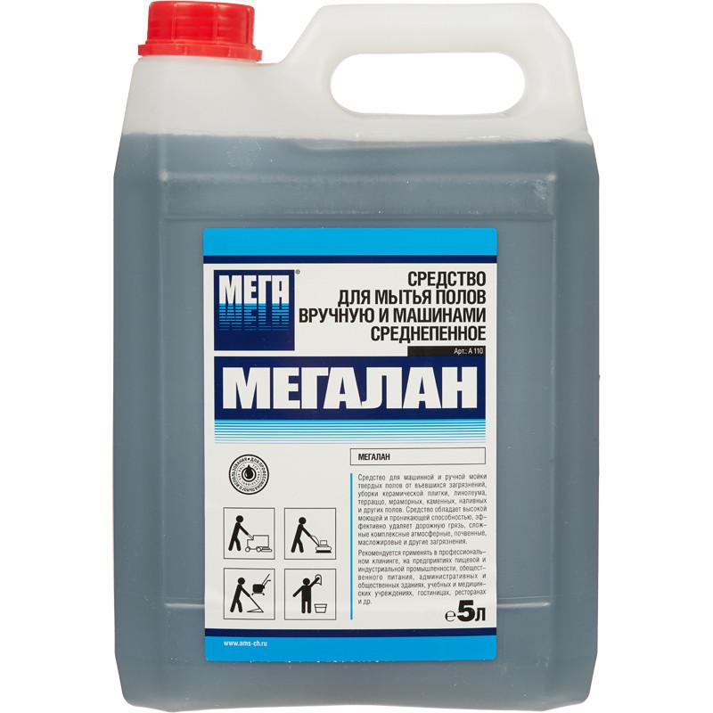 Щелочное среднепенное средство для машинной и ручной мойки водостойких полов Мега Мегалан 5л<br><br><b>Назначение.</b> Концентрированное щелочное средство от въевшихся загрязнений. Применяется для мытья твердых полов керамической плитки, линолеума, терраццо, мраморных, каменных, наливных и других полов. Средство обладает высокой моющей способностью и проникающей способностью, эффективно удаляет дорожную грязь, антигололедные реагенты, следы от резины, сложные комплексные атмосферные, почвенные, масложировые и другие загрязнения. Подходит для любых типов поломоечных машин.<br><b>Способ применения.</b> Применяется для машинной и ручной уборки поверхностей.<br>Очистка слабо- и среднезагрязненных поверхностей (ручная и механизированная):<br>Используйте рабочий раствор средства 0,5–2 концентрации (5–20 мл средства на 1 л воды). Нанеcти раствор ручным или механизированным способом на загрязненную поверхность, протереть и при необходимости промыть водой.<br>Очистка сильнозагрязненных поверхностей (ручная и механизированная):<br>Используйте рабочий раствор средства 2–10 концентрации (20–110 мл средства на 1 л воды). Нанеcти раствор ручным или механизированным способом на загрязненную поверхность, выдержать 2–5 минут, протереть щеткой и промыть водой. При необходимости обработать поверхность повторно.<br><b>Состав.</b> >30 очищенная вода, 5–15 фосфаты, <5 смесь НПАВ, <5 щелочные добавки, <5 соль ЭДТА, <5 растворитель, <5 краситель<br><b>Срок годности: </b>2 года с момента производства (при соблюдении условий хранения рекомендованных производителем)
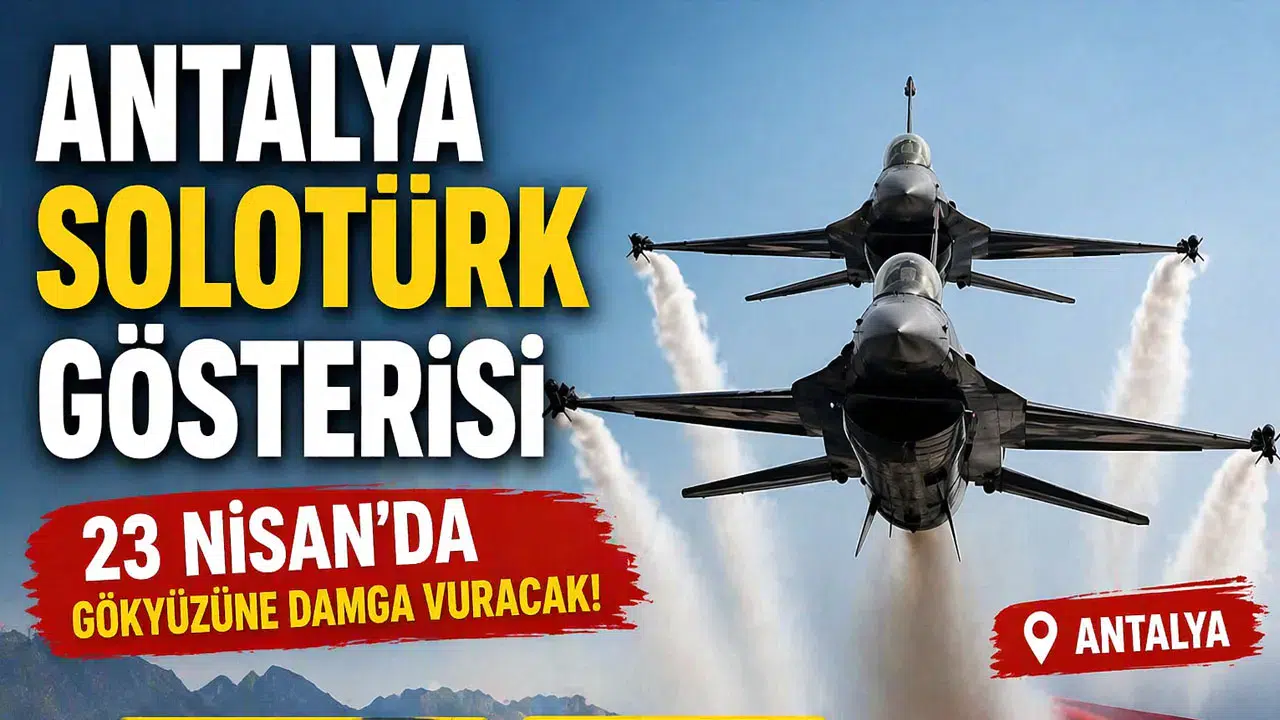 Antalya SOLOTÜRK 23 Nisan Ulusal Egemenlik ve Çocuk Bayramı gösterisi 23 Nisan Perşembe günü gerçekleştirilecek. Akrobasi gösteri ekibi çevre tanıma ve prova uçuşlarının ardından büyük gösteriyi yapacak. SOLOTÜRK Antalya gösterisi 23 Nisan 2026 Perşembe günü saat 17.00 olduğunda başlayacak.
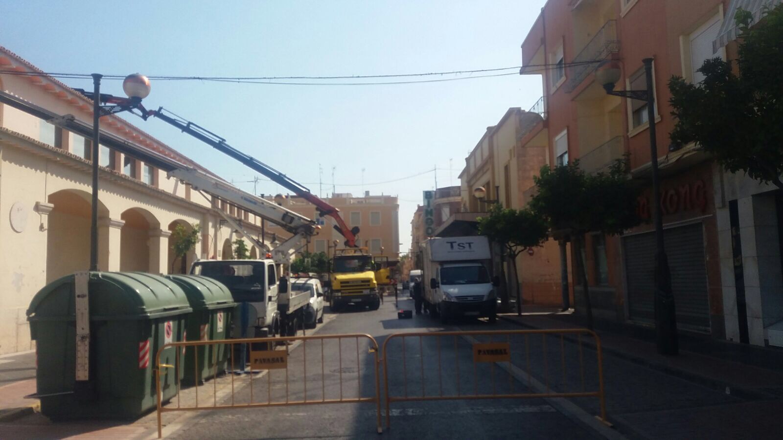 Una avería en la grúa obligó a retrasar hasta hoy la instalación de la climatización provisional en el Mercado Municipal del Puerto de Sagunto. La grúa se estropeó mientras realizaba las tareas de montaje y no podía ni plegar ni desplegar los brazos de elevación.
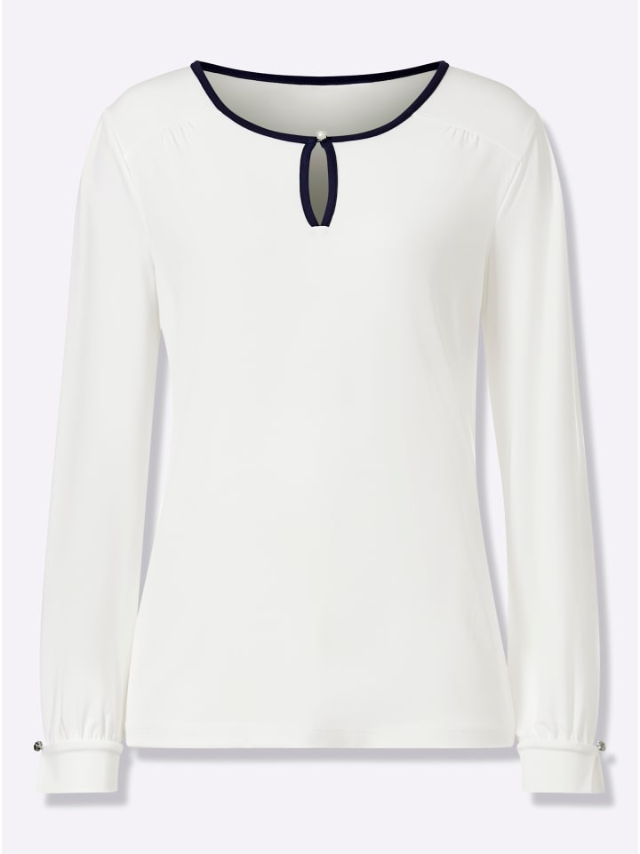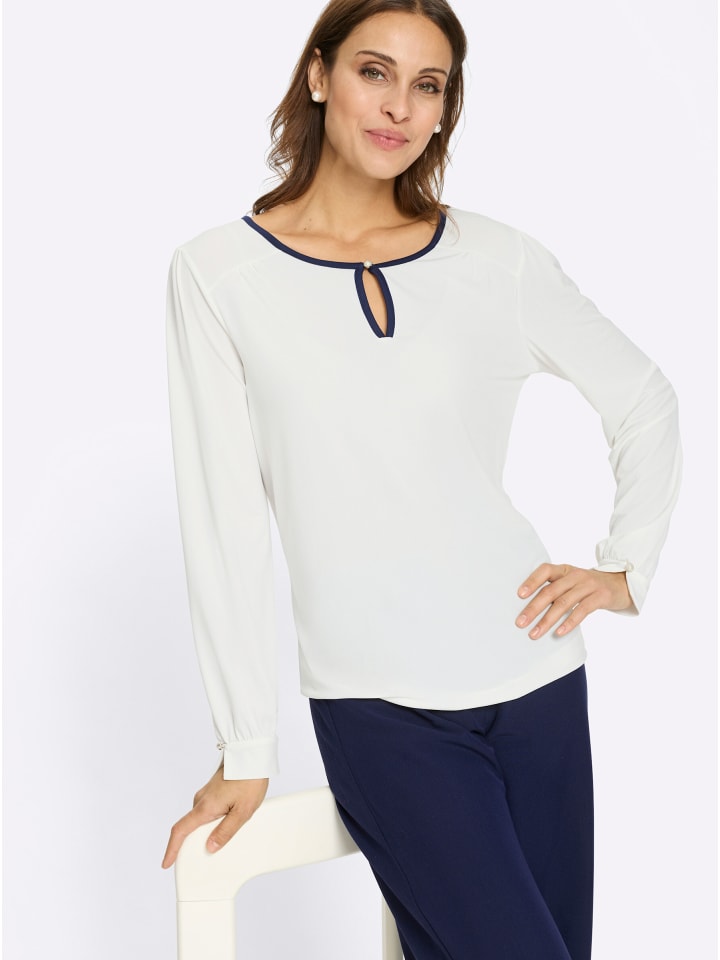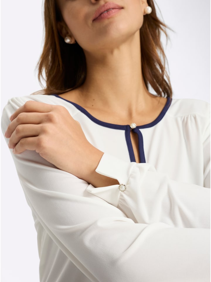 Так много внимания к деталям: футболка с круглым вырезом и контрастными акцентами. Застежка на петлю с контрастным разрезом спереди на горловине. Кокетка с эффектными сборками. Длинные рукава-фонарики с декоративными перламутровыми пуговицами на манжетах. Изготовлено из переработанного полиэстера.
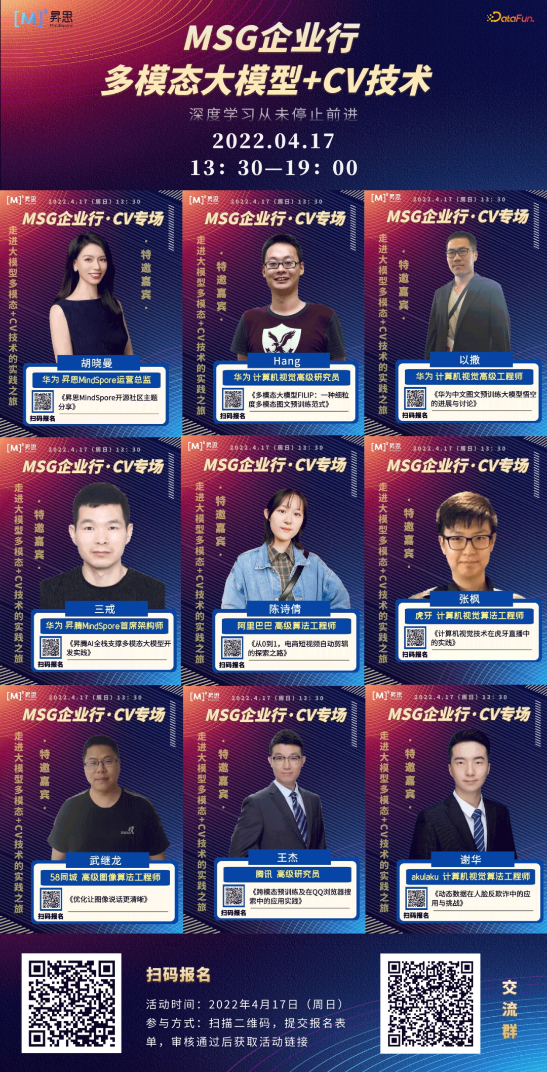 2022年4月17日(本周日),MSG企业行·多模态+CV领域线上技术交流会正式开启。
* * * *
■ Required action: Exactly the lines from the one containing "Antalya SOLOTÜRK 23" through the end of the data above: repeat those, both ends included, and nothing else. Skip the pictures.

■ Result below:
 Antalya SOLOTÜRK 23 Nisan Ulusal Egemenlik ve Çocuk Bayramı gösterisi 23 Nisan Perşembe günü gerçekleştirilecek. Akrobasi gösteri ekibi çevre tanıma ve prova uçuşlarının ardından büyük gösteriyi yapacak. SOLOTÜRK Antalya gösterisi 23 Nisan 2026 Perşembe günü saat 17.00 olduğunda başlayacak.
 Una avería en la grúa obligó a retrasar hasta hoy la instalación de la climatización provisional en el Mercado Municipal del Puerto de Sagunto. La grúa se estropeó mientras realizaba las tareas de montaje y no podía ni plegar ni desplegar los brazos de elevación.
 Так много внимания к деталям: футболка с круглым вырезом и контрастными акцентами. Застежка на петлю с контрастным разрезом спереди на горловине. Кокетка с эффектными сборками. Длинные рукава-фонарики с декоративными перламутровыми пуговицами на манжетах. Изготовлено из переработанного полиэстера.
 2022年4月17日(本周日),MSG企业行·多模态+CV领域线上技术交流会正式开启。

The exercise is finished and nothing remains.